## Task brief
Of the lines in the material below, print only those from the one containing "Styling tip: The" to the one containing "Một vụ nổ vừa", ends included, exactly as written and without pictures.
=== Section Start ===
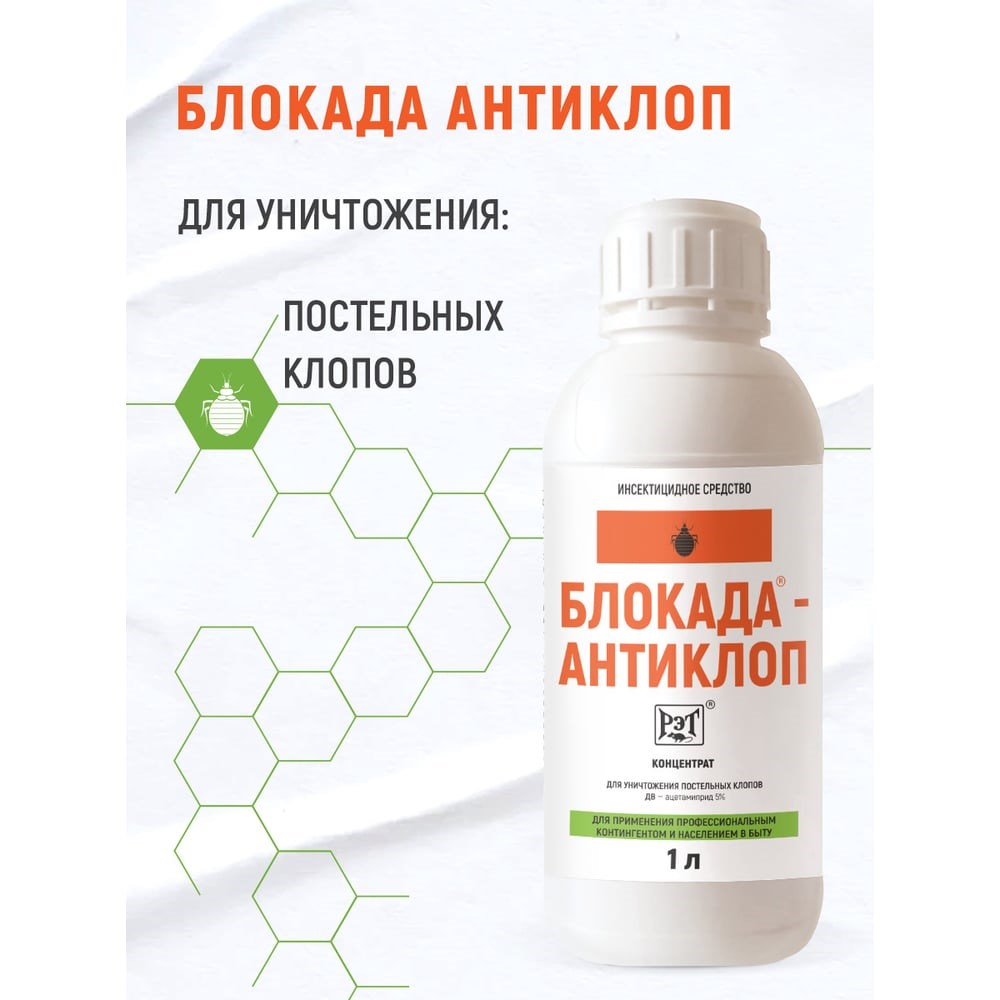 Средство «БЛОКАДА-АНТИКЛОП» рекомендовано для уничтожения постельных клопов профессиональным контингентом, занимающимся дезинфекционной деятельностью, и населением в быту в соответствии с Инструкцией и текстом Этикетки. Средство рекомендуется применять в помещениях на объектах различных категорий: в производственных и жилых помещениях, на объектах коммунально-бытового назначения (гостиницы, общежития, спорткомплексы), в подвальных помещениях, лечебных и детских учреждениях. Средство представляет собой жидкость светло-желтого цвета, содержит в качестве действующего вещества (ДВ) неоникотиноид ацетамиприд (5%) и функциональные добавки. Средство обладает острым инсектицидным действием в отношении постельных клопов. Продолжительность остаточного действия на поверхностях, особенно впитывающих, незначительна.
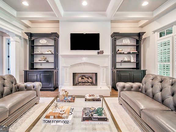 Private luxury oasis on nearly 2 acres in the exclusive gated community! Tucked away in a serene, wooded setting, this 7-bedroom, 6-bathroom estate offers unmatched privacy while still being just minutes from top-rated schools, shopping, dining, entertainment, and historic Kennesaw Mountain. Step inside to a grand, 2 story foyer filled with natural light. This home features plantation shutters, designer light fixtures and timeless details throughout. The gourmet chef's kitchen is a centerpiece for gatherings, featuring stainless steel appliances, double oven, farmhouse sink, updated cabinetry, quartz countertops and backsplash. A fireside keeping room off the kitchen, fireside family room with coffered ceilings and built in bookcases, and covered patio create multiple options for relaxing or entertaining while enjoying the wooded views off the main living space. The oversized owner's suite on the main level is a private retreat with coffered ceilings, a fireside sitting area, his-and-hers closets, and a spa-like bath. Upstairs offers four spacious bedrooms, three full baths, and a large bonus/media room with built-in desks-ideal for kids, guests, or work-from-home flexibility. The terrace level provides the ultimate guest or entertainment space with two additional bedrooms, a full bath, a media/game room, and a fully equipped gym. Recent updates include refinished hardwood floors, additional finished office space upstairs, tile flooring throughout the basement, new red oak flooring in upstairs bedrooms and media room, recently replaced (3) HVAC units and (2) water heaters, refinished fireplaces, and upgraded landscape lighting. Outdoors, the expansive fenced backyard delivers true privacy, offering space for a future pool, play area, or simply relaxing while enjoying the natural sounds of nature. With its rare combination of privacy, luxury, and convenience in one of West Cobb's most coveted gated communities, 2885 Julias Way is a home you don't want to miss. Schedule your private tour today!
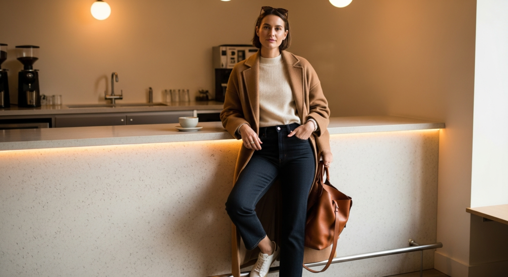 Styling tip: The casual chic outfit gains enormous authority from a great outerwear piece worn over it. A long camel coat, a classic trench, or a clean shearling jacket transforms even the simplest knit-and-trouser combination into a full and polished look. Invest in one exceptional coat each season — it will do more for your casual chic dressing than any other single purchase.
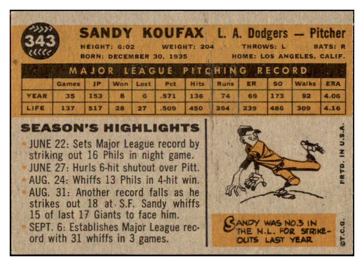1960 Topps Baseball #343 Sandy Koufax Dodgers EX-MT 529113
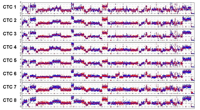 研究过程中研究人员意外地发现来自同一个病人的不同CTC都展现出高度一致的全基因组拷贝数变化模式,和同一病人的转移位肿瘤组织的拷贝数变化模式一致。这种现象在肺腺癌和小细胞肺癌的病人中都得到了验证。此外,在不同的肺腺癌病人中,CTC展现的全基因组拷贝数变化模式具有高度的相似性。肿瘤的异质性长期以来被当作是恶性肿瘤的重要特征。 首次在CTC中观察到的高度一致的拷贝数变异模式将会改变传统上对肿瘤异质性的理解,揭示了特定的拷贝数变异在肿瘤形成及转移中发挥了重要的作用。
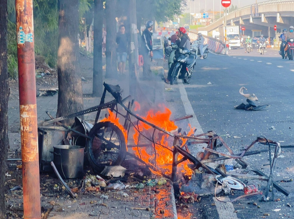 Một vụ nổ vừa xảy ra tại khu vực cầu vượt Linh Xuân (TP.HCM), khiến một xe bán đồ ăn vỉa hè cháy rụi.
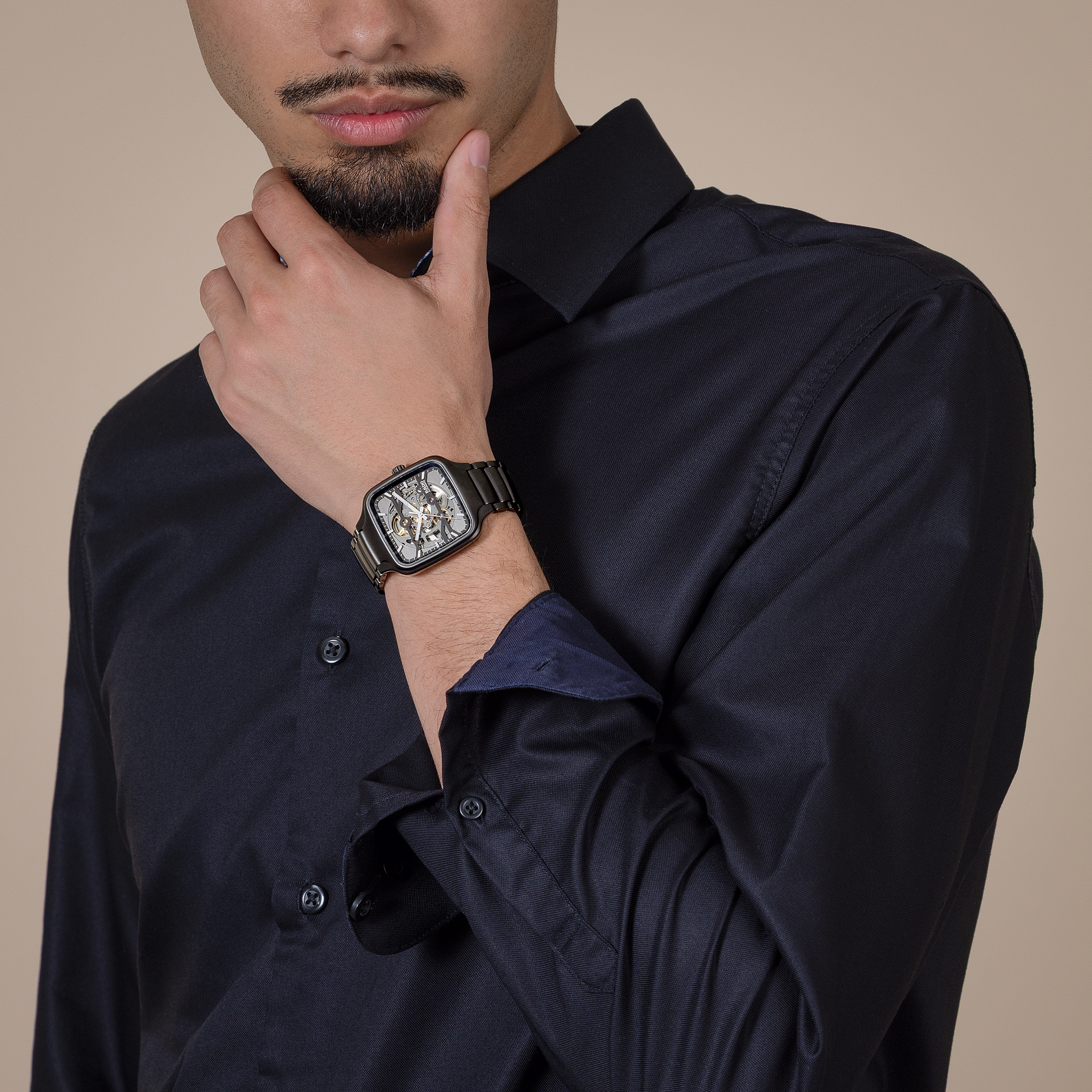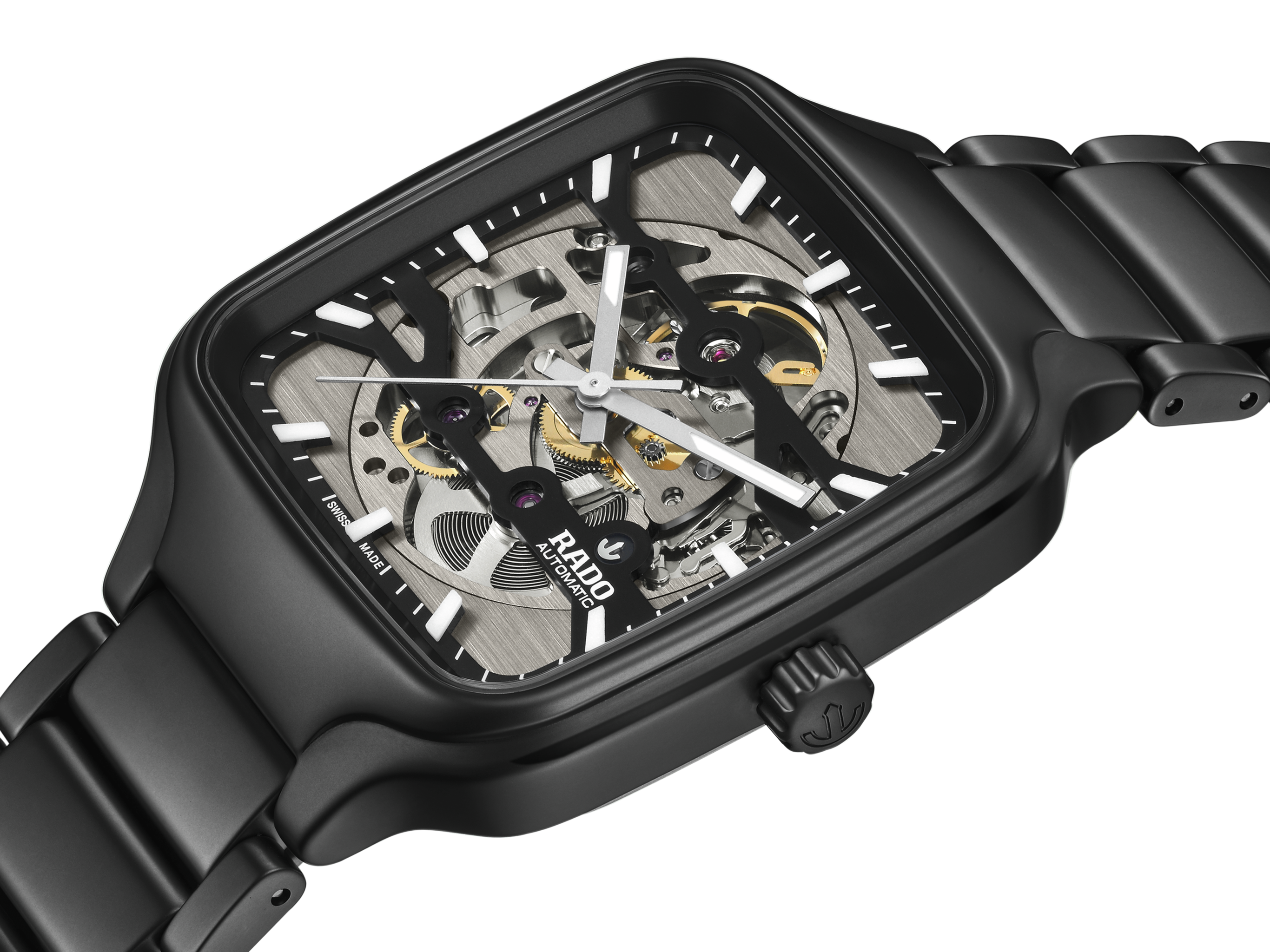 Rado瑞士雷達表True Square真我方形系列鏤空錶款完美融合尖端高科技材質與精湛工藝。 38毫米啞光黑色高科技陶瓷整體式構造錶殼內,搭載R808鏤空機芯,擁有25顆寶石,並提供80小時動力儲存。機芯經五個方位測試,配備Nivachron™防磁游絲,錶盤側面採用水平拉絲裝飾,充分展現瑞士製錶精準技術的巔峰成就。 平面藍寶石水晶錶鏡覆蓋錶盤,層次結構堪稱工藝美學的交響曲。黑色噴砂鏤空頂板懸浮於底板之上。頂板上,白色Super-LumiNova®刻度與精緻印製的白色分鐘刻度排列有序,與深色背景形成鮮明對比,清晰可讀。底板採用細膩的水平拉絲裝飾,與機芯設計渾然天成。 4點鐘位置的標誌性旋轉銠色可擺動錨型標誌,為這一動感多層次錶盤畫龍點睛。 啞光黑色高科技陶瓷錶鏈與錶殼相得益彰,無縫融入鈦金屬三折式錶扣,呈現高科技陶瓷無可比擬的佩戴舒適性。
=== Section End ===
## Answer box
 Styling tip: The casual chic outfit gains enormous authority from a great outerwear piece worn over it. A long camel coat, a classic trench, or a clean shearling jacket transforms even the simplest knit-and-trouser combination into a full and polished look. Invest in one exceptional coat each season — it will do more for your casual chic dressing than any other single purchase.
1960 Topps Baseball #343 Sandy Koufax Dodgers EX-MT 529113
 研究过程中研究人员意外地发现来自同一个病人的不同CTC都展现出高度一致的全基因组拷贝数变化模式,和同一病人的转移位肿瘤组织的拷贝数变化模式一致。这种现象在肺腺癌和小细胞肺癌的病人中都得到了验证。此外,在不同的肺腺癌病人中,CTC展现的全基因组拷贝数变化模式具有高度的相似性。肿瘤的异质性长期以来被当作是恶性肿瘤的重要特征。 首次在CTC中观察到的高度一致的拷贝数变异模式将会改变传统上对肿瘤异质性的理解,揭示了特定的拷贝数变异在肿瘤形成及转移中发挥了重要的作用。
 Một vụ nổ vừa xảy ra tại khu vực cầu vượt Linh Xuân (TP.HCM), khiến một xe bán đồ ăn vỉa hè cháy rụi.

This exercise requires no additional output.